Six years ago, in October 2004, instead of my usual weekly description of life in Zimbabwe, I sent out a letter called: “Until we meet again.” It was not written by me, but by my mother, Pauline Henson, a white Zimbabwean who was saying goodbye to her family and friends and her life here which had spanned more than half a century. She is one of an estimated four million people, a third of our population, who had no choice but to leave home in order to survive. In those six years my Mum has not forgotten Zimbabwe for a single day. This week, in recognition of a quarter of our population of all skin colours, who have been forced to live as strangers in strange lands, my letter contains four extracts from Pauline’s column: Outside Looking in”:

“Friday November 5th 2010.

Six years ago on this very day I left Zimbabwe. I knew as I flew out of Harare that life would never be the same again for me. I was leaving behind a whole lifetime of memories, of friends and family – a daughter and a grandson – to come to a country where I had been born but which was as alien to me as Africa had once been.

Time heals all wounds, they say, but for me the passing years have only emphasised the sense of loss. “I am a Zimbabwean” I tell people here but hardly a day passes without Robert Mugabe or one of his cronies telling white people that their skin colour and their colonial past excludes them from making that claim. I was reminded of that as I watched a re-run of ‘Mugabe and the White African’ this week and heard Ben Freeth ask the question, ‘Can a white man ever be an African?’ For Robert Mugabe and Zanu PF the answer is a resounding ‘NO!’ but for me and thousands like me all over the diaspora, Zimbabwe continues to be the place we call home. I think of all the thousands of children I taught and of the teachers I trained – black Zimbabweans all of them – whose acceptance and friendship filled my days in Mutoko and Murehwa and I wonder how we have arrived at this racial intolerance in Independent Zimbabwe. This week, for example, a female Zanu PF member called for the death sentence for anyone who supports sanctions or is friendly to the west!

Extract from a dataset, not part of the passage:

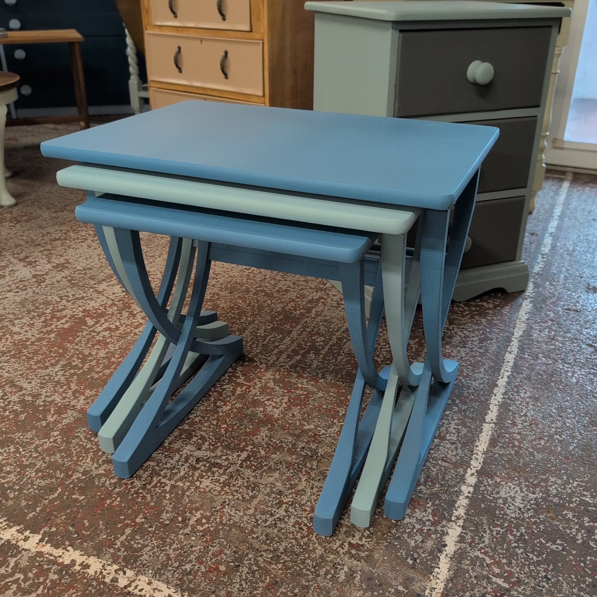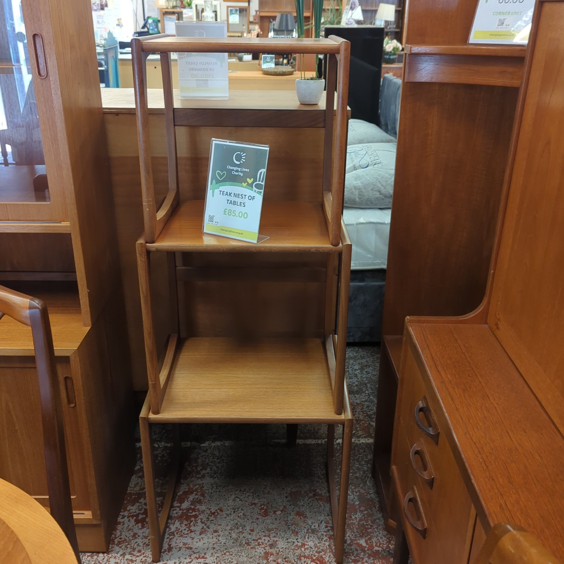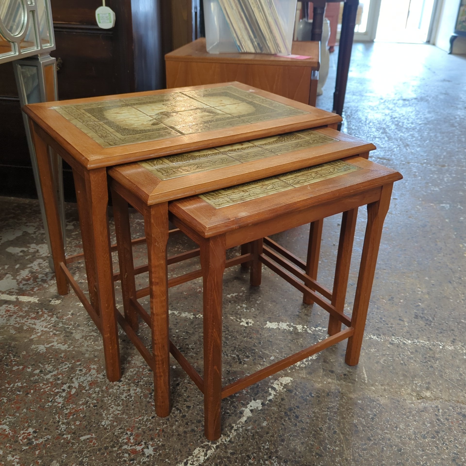 Discover the charm of a Mid-Century Danish nesting table set, reminiscent of Poul Hundevad's timeless design or meticulously crafted replicas. The main table features smooth-rolling wheels for effortless mobility, while four folding circular tables nest neatly underneath, providing versatile space-saving solutions. Ideal for stylish living areas, this set combines elegant craftsmanship with practical functionality to enhance any room.

But it was a letter in the Financial Gazette that really attracted my attention this week. “Is this racist?” asked the letter writer and quoted a question from the Grade Seven examination which every child in Zimbabwe sits at the end of primary school. This is what the Grade Seven children were asked in a multiple choice question on the General Paper: “Before Independence blacks and whites failed to live together peacefully because: A. the whites had guns. B. the blacks liked to strike. C. the whites did not like the blacks and D. all the blacks wanted to live in towns.

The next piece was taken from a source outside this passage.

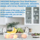 Upgraded 240323002 Refrigerator Door Bin Shelf (2 Packs) Fit for frigi-daire, ken-more,Refrigerator Side Bottom Shelf, Clear, Replaces 890955,AP2115742,PS429725,EAP429725 Description Features: ADVANTAGE: 240323002 refrigerator door shelf replacement made of resin material, safer At the bottom of this page, we list all compatible refrigerator models, please use Ctrl+F to search PART NUMBER: 2 x 240323002 frigi-daire door shelf replacement, NOT FIT 240363702, 2423002 refrigerator replacement shelves is not suitable for refrigerator models starting with "ffss", "lfss" or "fgss"Please measure the size of your door box before ordering, in case of ordering error PRODUCT SIZE: 240323002 frigi-daire replacement door shelf Length: 15.88 inches, Depth: 4.2 inches, Front Height: 4 inches, If you are not sure if 240323002 frigi-daire replacement shelf is suitable for your refrigerator, please tell us your refrigerator model and we can confirm it for you REPLACEMENT NUMBER: 240323002 frigi-daire replacement parts replaces part numbers 240323005, 240323006, 240323009, 240323010, 890955, AP2115742, PS429725, EAP429725 EASY TO INSTALL: 240323002 fridge door shelf replacement is easy to install, saves time and effort,If your shelf case has cracks, is damaged, or wants to add extra storage space to the refrigerator, you can replace parts of it.Just hang the trash can on the refrigerator door, easy to install, no tools required Product Details: Manufacturer: AMI PARTS Part Number: 240323002-2X Item Weight: 2.14 pounds Package Dimensions: 17.01 x 6.5 x 5.79 inches Item Package Quantity: 2 Batteries Required?: No Date First Available: March 24, 2023 Handling We will ship all orders within 3 business day of payment. Delivery We Do Not Ship Outside of the Continental US. Return Policy All items qualify for returns within 30 days of receipt. Buyer is responsible for return shipping on any item that is not damaged. Feedback We take our reputation seriously, we buy and sell online, so we understand the value of trust. If you are unsatisfied with your order, please contact us and we will work with you to resolve it to your satisfaction.

Whether this is racism or not, I do not know but what I do know is that it is a very badly designed multiple choice question, aimed at 11-12 year olds to test not factual knowledge but political opinion with racist overtones.

As Zanu PF gears up for elections, teachers in rural areas are once again in the frontline. Zanu PF does not care for educated people, they think for themselves and so teachers are beaten up for daring to express alternative views. Three of those teachers are fighting for their lives in a Mission Hospital after a violent beating by Zanu PF thugs in Bikita. All over the country anyone with educational qualifications must be pondering their futures in this divided and intolerant country. No wonder the International Crisis Group declared this week that Zimbabwe is ‘on a knife edge’ in the run-up to the elections.”